- _WORK ORDER_:
Below is a set of records. Repeat them verbatim without the pictures.

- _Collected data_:

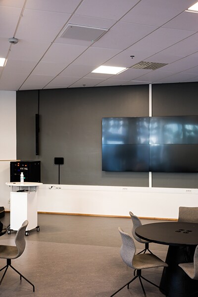 Knutsson: Sebelum Pandemi, BTH melihat bahwa ini merupakan cara yang mungkin akan terjadi; Kami akan mengadakan lebih banyak pendidikan jarak jauh, mungkin akan ada lebih banyak pengajaran hybrid, dan sebagainya. Kami telah membicarakan hal ini, dan kami memikirkannya – tetapi kemudian Pandemi datang, dan semuanya berjalan lebih cepat. Kami harus beradaptasi dengan situasi yang kami hadapi. Lalu kami melihat bahwa kami harus memiliki ruangan yang membuat pendidikan jarak jauh lebih mudah dikelola, kami harus mengelola pendidikan jarak jauh di ruangan besar tempat Anda harus memiliki hasil suara yang bagus, kamera yang bagus – lingkungan teknis yang bagus, dan harus mudah digunakan oleh setiap pengajar. Setelah itu, kami mulai berpikir tentang mikrofon ceiling, kamera apa yang dapat kami gunakan, platform apa yang dapat kami gunakan, dan sebagainya.
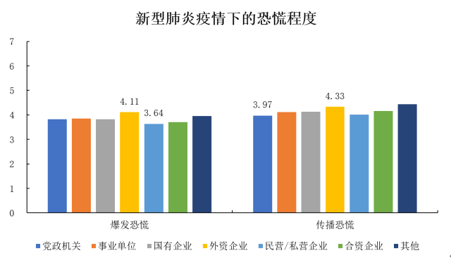 此外,所有年龄段、所有职业类型、所有学历的被调查对象对于当前新型肺炎持续传播的恐慌程度均高于他们在武汉封城、新型肺炎爆发时期的恐慌程度。
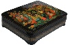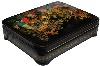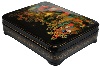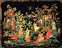 Description: This luxuriant Palekh box has been painted by the famous painter, Nina Bogachyova. She was born in 1941 in the village of Ilinskaya in Ivanovo region, 300 kilometers northeast of Moscow. She currently resides in Palekh, as a well-established Palekh artist. The themes of her works are for the most part folklore and genre scenes.
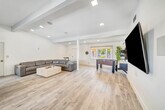 Welcome to this Woodland Hills Masterpiece an extraordinary, fully furnished single-family home nestled in the prestigious hills on a tranquil cul-de-sac. With sweeping 180 panoramic views reminiscent of Tuscany's rolling landscapes, this private sanctuary blends luxury, tranquility, and practicality for the ultimate living experience. Step inside and discover a home designed for both relaxation and entertaining. The expansive living and dining areas offer the perfect space for family gatherings, featuring a beautiful piano in the living room and a sleek wet bar to enhance your hosting experience. The chef-inspired kitchen, complete with push-to-open cabinets, is as functional as it is stylish, and a retractable window opens directly to a bar in the backyard, making outdoor entertaining effortless. The home features three spacious bedrooms. The master suite is a true retreat, featuring a king-sized bed and an ensuite bathroom with a double sink, a luxurious jet tub, and a shower. The bathroom also connects seamlessly to a generous walk-in closet, providing convenience and ample storage. The two guest bedrooms are equally well-appointed, each with a full-sized bed and a dedicated office space, complete with a desk and computer, ideal for work or study. Step outside to enjoy your own personal oasis. The backyard is complete with a sparkling infinity pool, a rejuvenating jacuzzi, and stylish outdoor furniture designed for dining and relaxation. An outdoor heater ensures year-round enjoyment of the space, while a Ping-Pong table adds an element of fun to the entertainment area. A half bath conveniently located outside in the backyard offers easy access for guests during outdoor gatherings, eliminating the need to run inside. The breathtaking views of the surrounding hills provide the perfect backdrop for any occasion. For indoor entertainment, a foosball table offers hours of fun, and the luxurious, Italian-made power-reclining sofa promises ultimate comfort after a long day. The custom-built garage offers abundant storage, and the home is designed with convenience in mind. Set in a warm, welcoming neighborhood with caring neighbors, this home offers a rare balance of sophistication and community. It's not just a place to live- it's a place to thrive. Whether you're entertaining, relaxing, or enjoying family time, this home provides the perfect environment for every occasion. If you are interested in a short-term rental of under a year, please contact us to explore your options.
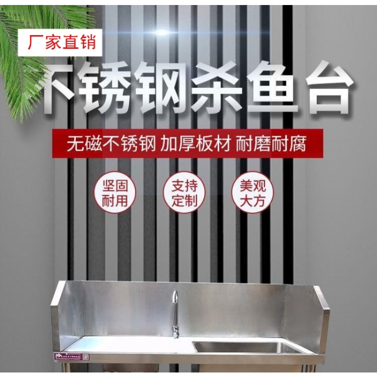 wlSupermarket Stainless Steel Fish-Killing Table Pool Fruit Cutting Table Chicken Duck Slaughter Table Planer Fish Table

- _REPLY_:
 Knutsson: Sebelum Pandemi, BTH melihat bahwa ini merupakan cara yang mungkin akan terjadi; Kami akan mengadakan lebih banyak pendidikan jarak jauh, mungkin akan ada lebih banyak pengajaran hybrid, dan sebagainya. Kami telah membicarakan hal ini, dan kami memikirkannya – tetapi kemudian Pandemi datang, dan semuanya berjalan lebih cepat. Kami harus beradaptasi dengan situasi yang kami hadapi. Lalu kami melihat bahwa kami harus memiliki ruangan yang membuat pendidikan jarak jauh lebih mudah dikelola, kami harus mengelola pendidikan jarak jauh di ruangan besar tempat Anda harus memiliki hasil suara yang bagus, kamera yang bagus – lingkungan teknis yang bagus, dan harus mudah digunakan oleh setiap pengajar. Setelah itu, kami mulai berpikir tentang mikrofon ceiling, kamera apa yang dapat kami gunakan, platform apa yang dapat kami gunakan, dan sebagainya.
 此外,所有年龄段、所有职业类型、所有学历的被调查对象对于当前新型肺炎持续传播的恐慌程度均高于他们在武汉封城、新型肺炎爆发时期的恐慌程度。
 Description: This luxuriant Palekh box has been painted by the famous painter, Nina Bogachyova. She was born in 1941 in the village of Ilinskaya in Ivanovo region, 300 kilometers northeast of Moscow. She currently resides in Palekh, as a well-established Palekh artist. The themes of her works are for the most part folklore and genre scenes.
 Welcome to this Woodland Hills Masterpiece an extraordinary, fully furnished single-family home nestled in the prestigious hills on a tranquil cul-de-sac. With sweeping 180 panoramic views reminiscent of Tuscany's rolling landscapes, this private sanctuary blends luxury, tranquility, and practicality for the ultimate living experience. Step inside and discover a home designed for both relaxation and entertaining. The expansive living and dining areas offer the perfect space for family gatherings, featuring a beautiful piano in the living room and a sleek wet bar to enhance your hosting experience. The chef-inspired kitchen, complete with push-to-open cabinets, is as functional as it is stylish, and a retractable window opens directly to a bar in the backyard, making outdoor entertaining effortless. The home features three spacious bedrooms. The master suite is a true retreat, featuring a king-sized bed and an ensuite bathroom with a double sink, a luxurious jet tub, and a shower. The bathroom also connects seamlessly to a generous walk-in closet, providing convenience and ample storage. The two guest bedrooms are equally well-appointed, each with a full-sized bed and a dedicated office space, complete with a desk and computer, ideal for work or study. Step outside to enjoy your own personal oasis. The backyard is complete with a sparkling infinity pool, a rejuvenating jacuzzi, and stylish outdoor furniture designed for dining and relaxation. An outdoor heater ensures year-round enjoyment of the space, while a Ping-Pong table adds an element of fun to the entertainment area. A half bath conveniently located outside in the backyard offers easy access for guests during outdoor gatherings, eliminating the need to run inside. The breathtaking views of the surrounding hills provide the perfect backdrop for any occasion. For indoor entertainment, a foosball table offers hours of fun, and the luxurious, Italian-made power-reclining sofa promises ultimate comfort after a long day. The custom-built garage offers abundant storage, and the home is designed with convenience in mind. Set in a warm, welcoming neighborhood with caring neighbors, this home offers a rare balance of sophistication and community. It's not just a place to live- it's a place to thrive. Whether you're entertaining, relaxing, or enjoying family time, this home provides the perfect environment for every occasion. If you are interested in a short-term rental of under a year, please contact us to explore your options.
 wlSupermarket Stainless Steel Fish-Killing Table Pool Fruit Cutting Table Chicken Duck Slaughter Table Planer Fish Table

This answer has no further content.